Members of the police force, defense force, fire brigade, and 
prison guards may not organize or join unions.  Bahamian 
workers exercise the right of association extensively, with 
almost one-quarter of the work force (and one-half the workers 
in the important hotel industry) belonging to unions.

The country's two major umbrella labor organizations, the 
National Workers Council of Trade Unions and Associations and 
the Trade Union Congress (TUC), and individual labor unions all 
function independent of government or political party control.  
All labor unions have the right to maintain affiliations with 
international trade union organizations.

The Industrial Relations Act requires that, before a strike 
begins, a simple majority of a union's membership must vote in 
favor of a motion to strike.  The Department of Labor must 
supervise the vote.  The Minister of Labor, Human Resources, 
and Training may also refer a dispute involving employees of an 
"essential service" to the Industrial Relations Board for 
settlement, if the Minister determines that the public interest 
requires such action.

The country's largest labor union, the Bahamas Hotel Catering 
and Allied Workers Union, conducted a number of work stoppages 
and strikes at resort hotels during the year.

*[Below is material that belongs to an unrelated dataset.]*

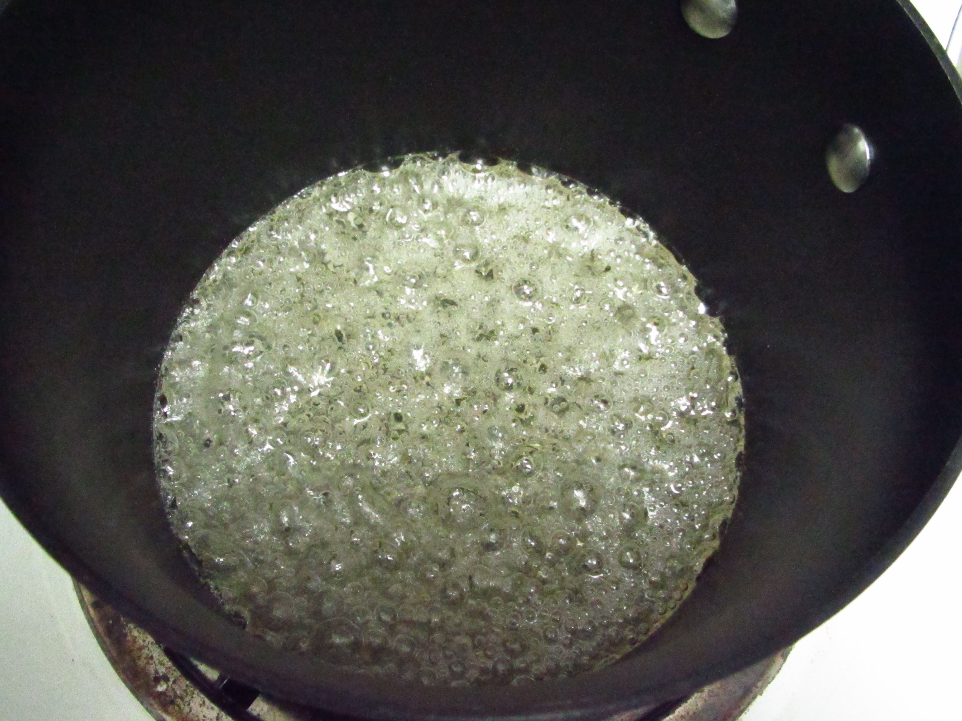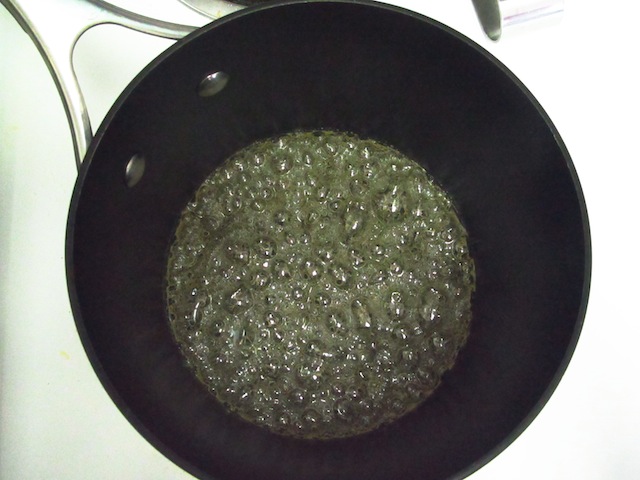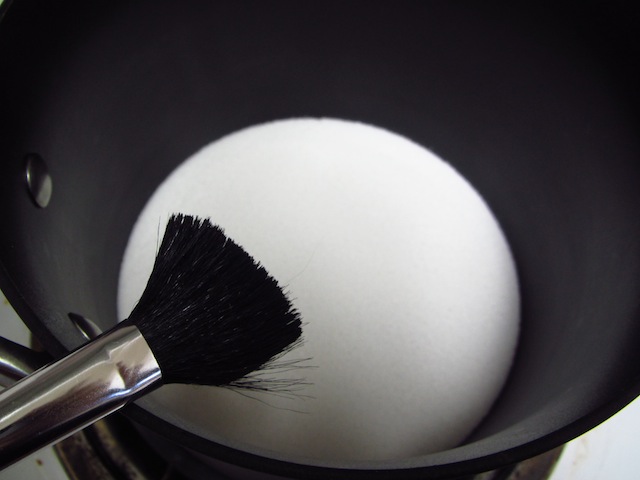The mixture will then start to boil. After the water is boiling off you take the wet pastry brush, again, and wipe the sides of the saucepan, getting rid of all those sugars and liquids that danced off the boiling liquid. Wipe all the way down, almost to the boiling sugar, but don’t touch it!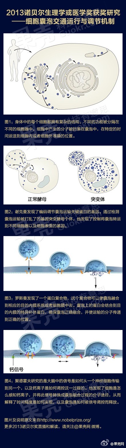 新华网斯德哥尔摩10月7日电(记者和苗 付一鸣)瑞典卡罗琳医学院7日在斯德哥尔摩宣布,将2013年诺贝尔生理学或医学奖授予美国科学家詹姆斯・罗思曼、兰迪・谢克曼以及德国科学家托马斯・祖德霍夫,以表彰他们发现细胞的囊泡运输调控机制。 揭晓今年诺贝尔生理学或医学奖的发布会按惯例在卡罗琳医学院“诺贝尔大厅”举行。当地时间11时30分(北京时间17时30分),诺贝尔奖评选委员会秘书长戈兰・汉松宣布了获奖者名单和获奖原因。 诺贝尔奖评选委员会在声明中说,这三位科学家的研究成果解答了细胞如何组织其内部最重要的运输系统之一――囊泡传输系统的奥秘。谢克曼发现了能控制细胞传输系统不同方面的三类基因,从基因层面上为了解细胞中囊泡运输的严格管理机制提供了新线索;罗思曼20世纪90年代发现了一种蛋白质复合物,可令囊泡基座与其目标细胞膜融合;基于前两位美国科学家的研究,祖德霍夫发现并解释了囊泡如何在指令下精确地释放出内部物质。 细胞生命活动依赖于细胞内的运输系统。所谓囊泡运输调控机制,是指某些分子与物质不能直接穿过细胞膜,而是依赖围绕在细胞膜周围的囊泡进行传递运输。囊泡通过与目标细胞膜融合,在神经细胞指令下可精确控制荷尔蒙、生物酶、神经递质等分子传递的恰当时间与位置。例如,对控制血糖具有重要作用的胰岛素,正是借由囊泡进行精确传递并最终释放在血液中。 若囊泡运输系统发生病变,细胞运输机制随即不能正常运转,可能导致神经系统病变、糖尿病以及免疫紊乱等严重后果。诺贝尔奖评选委员会在声明中说,“没有囊泡运输的精确组织,细胞将陷入混乱状态”。 诺贝尔奖评选委员会说,三位获奖者的研究成果揭示了细胞如何在准确的时间将其内部物质传输至准确的位置,揭示出细胞生理学的一个基本过程。 今年诺贝尔生理学或医学奖奖金共800万瑞典克朗(约合120万美元),获奖的三位科学家将平分奖金。 诺贝尔生理学或医学奖揭晓拉开了今年“诺贝尔周”的序幕。未来一周内,物理学奖、化学奖等奖项将陆续揭晓。

     b.  The Right to Organize and Bargain Collectively

Workers freely exercise their right to organize and participate 
in collective bargaining, which the law protects.  Unions and 
employers negotiate wage rates without government interference.
The Constitution and the Industrial Relations Act prohibit 
antiunion discrimination by employers.  The Act requires 
employers to recognize trade unions.  The Industrial Relations 
Board mediates disputes between employees or unions and their 
employers.  Mechanisms exist to resolve complaints, including 
filing a trade union dispute with the Ministry of Labor or 
bringing a civil suit against the employer in court.  The Act 
requires the reinstatement of workers fired for union 
activities.  Employers may dismiss workers in accordance with 
applicable contracts, which generally require some severance 
pay.  The Government enforces labor laws and regulations 
uniformly throughout the country.

The Bahamas has two small free trade zones.  Labor law and 
practice in these zones do not differ from those in the rest of 
the country.

     c.  Prohibition of Forced or Compulsory Labor

The Constitution prohibits forced or compulsory labor, and such 
labor does not exist in practice.

     d.  Minimum Age for Employment of Children

The law prohibits the employment of children under the age of 
14 for industrial work, work during school hours, or work at 
night.  There is no legal minimum age for employment in other 
sectors, and some children work part-time in light industry and 
service jobs.

     e.  Acceptable Conditions of Work

The Fair Labor Standards Act limits the regular workweek to 48 
hours and provides for one 24-hour rest period.  The Act 
requires overtime payment (time and a half) for hours beyond 
the standard.  The Act permits the creation of a Wages Council 
to recommend the setting of a minimum wage.  To date, however, 
The Bahamas has not established such a council or a minimum 
wage.

The Ministry of Labor, responsible for enforcing labor laws, 
has a team of inspectors who conduct on-site visits to enforce 
occupational health and safety standards and investigate 
employee concerns and complaints, but inspections occur only 
infrequently.  The Ministry normally announces inspection 
visits in advance, and employers generally cooperate with 
inspectors to implement safety standards.  As such inspections 
appear inadequate, the Ministry of Labor, Human Resources, and 
Training formally requested help from the U.S. Department of 
Labor in December to develop a technical training proposal to 
improve occupational safety, health, and welfare.

The national insurance program compensates workers for 
work-related injuries.  The Fair Labor Standards Act requires 
employers to find suitable alternative employment for employees 
injured on the job but still able to work.  The law does not 
provide a right for workers to absent themselves from dangerous 
work situations without jeopardy to continued employment.